Bazen her şey yolunda gitse bile, ilişkimiz kötü gidiyorsa ya da hayatımızda o sırada kimse yoksa kendimizi iyi hissetmiyoruz. Çünkü günümüzde kendimizi ancak romantik bir ilişkideyken güvende ve emniyette görüyoruz. Her ilişkimize sonsuza kadar sürer diye başlıyoruz, ama bitiyor. Güven ve emniyet duygusu, süreklilik duygusu, bebeklikten ölüme en temel ruhsal ve duygusal gereksinimlerimizdendir.

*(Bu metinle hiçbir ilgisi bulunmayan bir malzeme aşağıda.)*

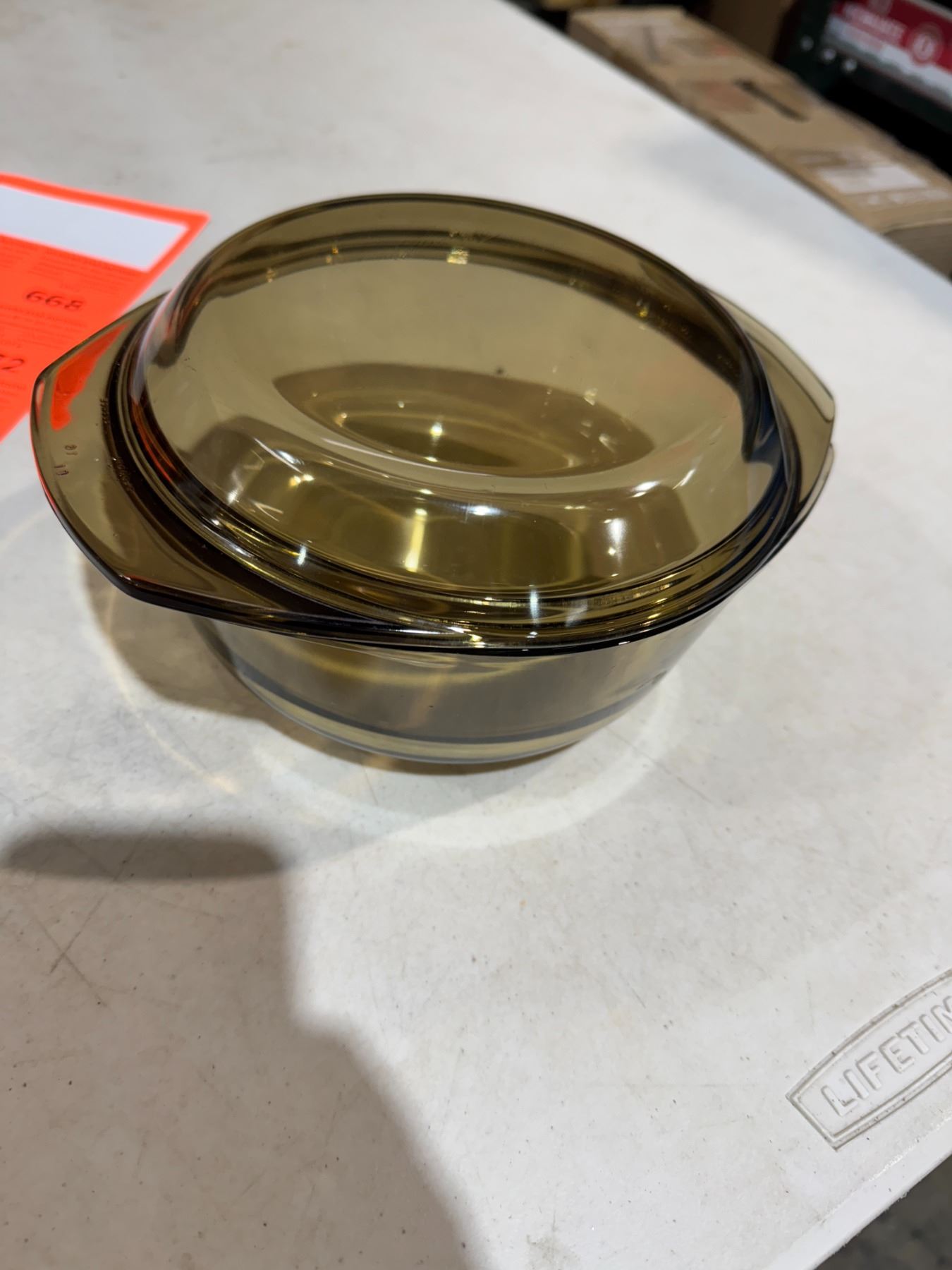 vintage Arcopal France brown glass oven dish with a lid, a mid-century modern design from the 1960s.

Karşı cins gerçekten sırtımızı dönemeyeceğimiz kadar güvenilmez midir? Bu güvensizlik duygusuyla nasıl başa çıkabiliriz? Ya da bu algıyı bir gerçeklik olarak kabul edip, ona göre mi konumlandırmalıyız kendimizi ilişkilerde? İlişkilere bakışımızı tümden mi değiştirmeliyiz yoksa?
Bu atölyede çift ve aile terapisi alanının önde gelen ismi Alper Hasanoğlu ile neden bir ilişkiye bu kadar ihtiyaç duyulduğunu; bağlanma teorisi, gelişim psikolojisi, ilişkiler arası psikanalitik teori ve bebekliğimizden gelen şemalar çerçevesinde, hem dünyadaki eğilimleri hem de yaşadığımız coğrafyaya özgü kültürel farklılıklar tartışılacak. İlişkilerde güveni doğru bir şekilde nasıl yeniden tanımlayabileceğimiz incelenecek.
Kaynak için tıklayın.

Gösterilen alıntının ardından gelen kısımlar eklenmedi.